Lecturer: Stephanie Eckman
Date: 20-24 August 2018
Time: 09:00-13:00, 14:00-16:00
Short Course Description:
This course will cover: methods of sample selection; calculation of weights that adjust for nonresponse and undercoverage; and analysis of complex survey data. We will also discuss analysis of nonprobability surveys. The emphasis of the course is more applied than theoretical, but students are expected to be comfortable with statistics and to have some experience with data analysis. For each topic, students will do exercises in Stata that apply the techniques learned in the lectures. Students will get the most out of the class if they have prior experience with Stata.
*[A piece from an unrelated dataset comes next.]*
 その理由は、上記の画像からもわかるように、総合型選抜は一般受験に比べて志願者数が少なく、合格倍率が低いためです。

- Introductory course in statistics. No prior knowledge of sampling theory is assumed, but students should be comfortable with statistical concepts such as hypothesis testing, variance, standard errors, confidence intervals, etc.;
- Prior knowledge of Stata is required for this course;
- Basic understanding of survey methodology (this could be gained in the course “Introduction to Survey Design” in the first week);
- Experience in handling survey data is helpful but not necessary.
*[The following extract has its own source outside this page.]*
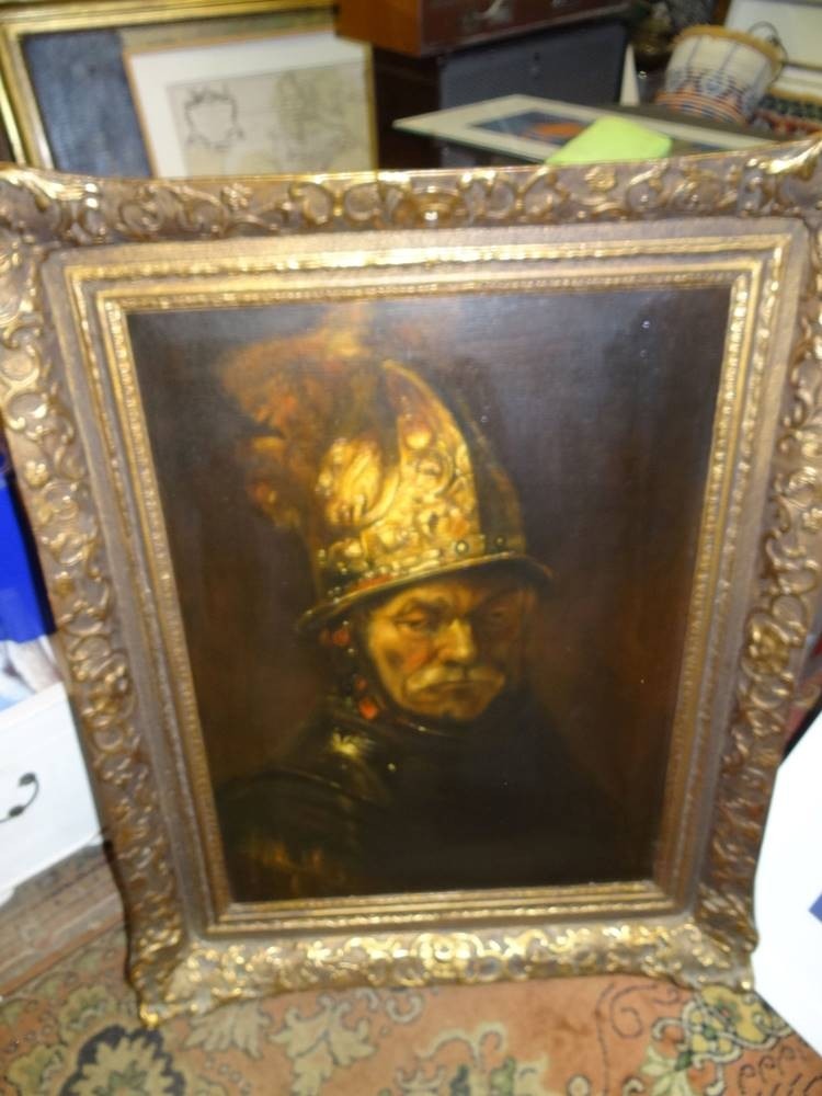 Brita VON SYDOW-SÖDÖÖ (1884-1959) "Der Mann mit dem Goldhelm, Copie nach Rembrandt, Öl/Leinen, gut gerashmt, RG 86x68 cm [1]

Participants will find the course useful if:
- they have some experience conducting surveys and/or analyzing social science data, but have not yet studied sampling;
- they are conducting their own survey or are analyzing survey data.
Course and Learning Objectives:
By the end of the course participants will
- have a sound understanding of the most frequently used sample designs (one- and two-stage sampling, clustered sampling; stratified sampling, and related designs);
- know how to create probability weights, and have experience with several methods for adjusting such weights for nonresponse and undercoverage;
- understand how and why the design of a sample survey affects the analysis of the data;
- know the appropriate methods to use in Stata to analyze complex survey data, and the pros and cons of each method.
Organizational Structure of the Course:
The course will consist of 4 hours of lecture in the morning. Students will spend the afternoons working on exercises (most of them in Stata) designed to deepen their understanding of the material. The instructor will be available in the afternoons to answer questions.
Software and Hardware Requirements:
None. This course takes place in a computer lab. GESIS will provide participants with access to the statistical software package used in the course (i.e., Stata) as well as other packages (e.g., SPSS, Mplus, R). Access to an own laptop computer might turn out to be useful.